▶ **YOUR GOAL**: Word for word, repeat the data that follows. Do not include the pictures.

▶ **SUPPLIED DATA**:
==================================================

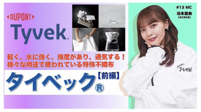 湯本亜美@ami_15chans -- 旭化成アドバンスさんのYouTubeに出演させていただいております!初MC緊張しました...🤓🌀笑タイベックってなんでしょう〜是非、ご覧ください💞 twitter.com/asahikasei_ad/… 旭化成アドバンス株式会社 おはアドバンス😋🌟今日は月曜日… ということは、YouTubeの更新日です📺✨今回は、なんと❣️AKB48メンバーの、湯本亜美さん @ami_15chans に出演頂いています🥺タイベック®︎って、なんでしょう🤔もうすぐ、お昼12時頃のupです🙌是非checkしてみてください❗️youtube.com/c/Asahikaseiad pic.twitter.com/PFyP8aqR7g
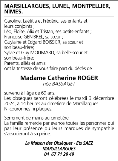 Cet espace « condoléances » est dédié à la mémoire de Madame Catherine ROGER née BASSAGET.
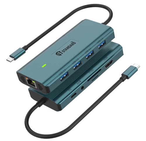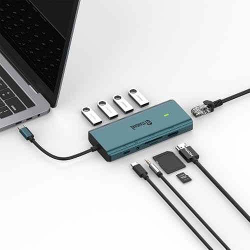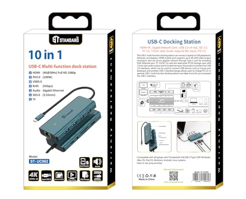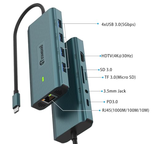 - 10-in-1 Multiport Docking Station – Expand a single USB-C port into HDMI 4K@30Hz, RJ45 Gigabit, 4×USB 3.0, SD/TF Card Reader, 3.5mm Audio Jack, and USB-C PD Charging.
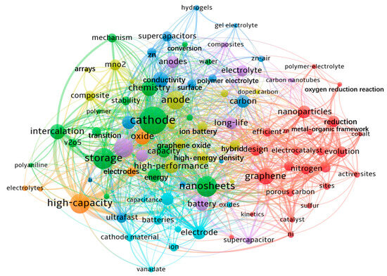Based on the analysis of keywords in the field of QSAZBs using VOSviewer software, from the literature on QSAZBs, 93 keywords with occurrence frequencies of more than five were extracted. Table 4 illustrates the frequency and total link strength of the keywords in the literature-based occurrence frequencies, noting those mentioned more than 10 times. After filtering irrelevant words, a network for co-occurrence and clustering analysis of keywords was constructed, and the co-occurrence network map of keywords was drawn, as shown in Figure 5. In the network visualization, edges between nodes denote co-occurrent relationships, with thicker edges indicating stronger associations. For example, the thickest edge connects “quasi-solid electrolyte” and “hydrogel” (co-occurrence strength = 32), underscoring the synergy between gel-based electrolytes and quasi-solid systems. Similarly, dense edges link “cathode materials” to “MnO2” (frequency = 45) and “V2O5” (frequency = 38), demonstrating the dominance of manganese- and vanadium-based oxides as mainstream cathode materials.

==================================================

▶ **FINAL ANSWER**:
 湯本亜美@ami_15chans -- 旭化成アドバンスさんのYouTubeに出演させていただいております!初MC緊張しました...🤓🌀笑タイベックってなんでしょう〜是非、ご覧ください💞 twitter.com/asahikasei_ad/… 旭化成アドバンス株式会社 おはアドバンス😋🌟今日は月曜日… ということは、YouTubeの更新日です📺✨今回は、なんと❣️AKB48メンバーの、湯本亜美さん @ami_15chans に出演頂いています🥺タイベック®︎って、なんでしょう🤔もうすぐ、お昼12時頃のupです🙌是非checkしてみてください❗️youtube.com/c/Asahikaseiad pic.twitter.com/PFyP8aqR7g
 Cet espace « condoléances » est dédié à la mémoire de Madame Catherine ROGER née BASSAGET.
 - 10-in-1 Multiport Docking Station – Expand a single USB-C port into HDMI 4K@30Hz, RJ45 Gigabit, 4×USB 3.0, SD/TF Card Reader, 3.5mm Audio Jack, and USB-C PD Charging.
Based on the analysis of keywords in the field of QSAZBs using VOSviewer software, from the literature on QSAZBs, 93 keywords with occurrence frequencies of more than five were extracted. Table 4 illustrates the frequency and total link strength of the keywords in the literature-based occurrence frequencies, noting those mentioned more than 10 times. After filtering irrelevant words, a network for co-occurrence and clustering analysis of keywords was constructed, and the co-occurrence network map of keywords was drawn, as shown in Figure 5. In the network visualization, edges between nodes denote co-occurrent relationships, with thicker edges indicating stronger associations. For example, the thickest edge connects “quasi-solid electrolyte” and “hydrogel” (co-occurrence strength = 32), underscoring the synergy between gel-based electrolytes and quasi-solid systems. Similarly, dense edges link “cathode materials” to “MnO2” (frequency = 45) and “V2O5” (frequency = 38), demonstrating the dominance of manganese- and vanadium-based oxides as mainstream cathode materials.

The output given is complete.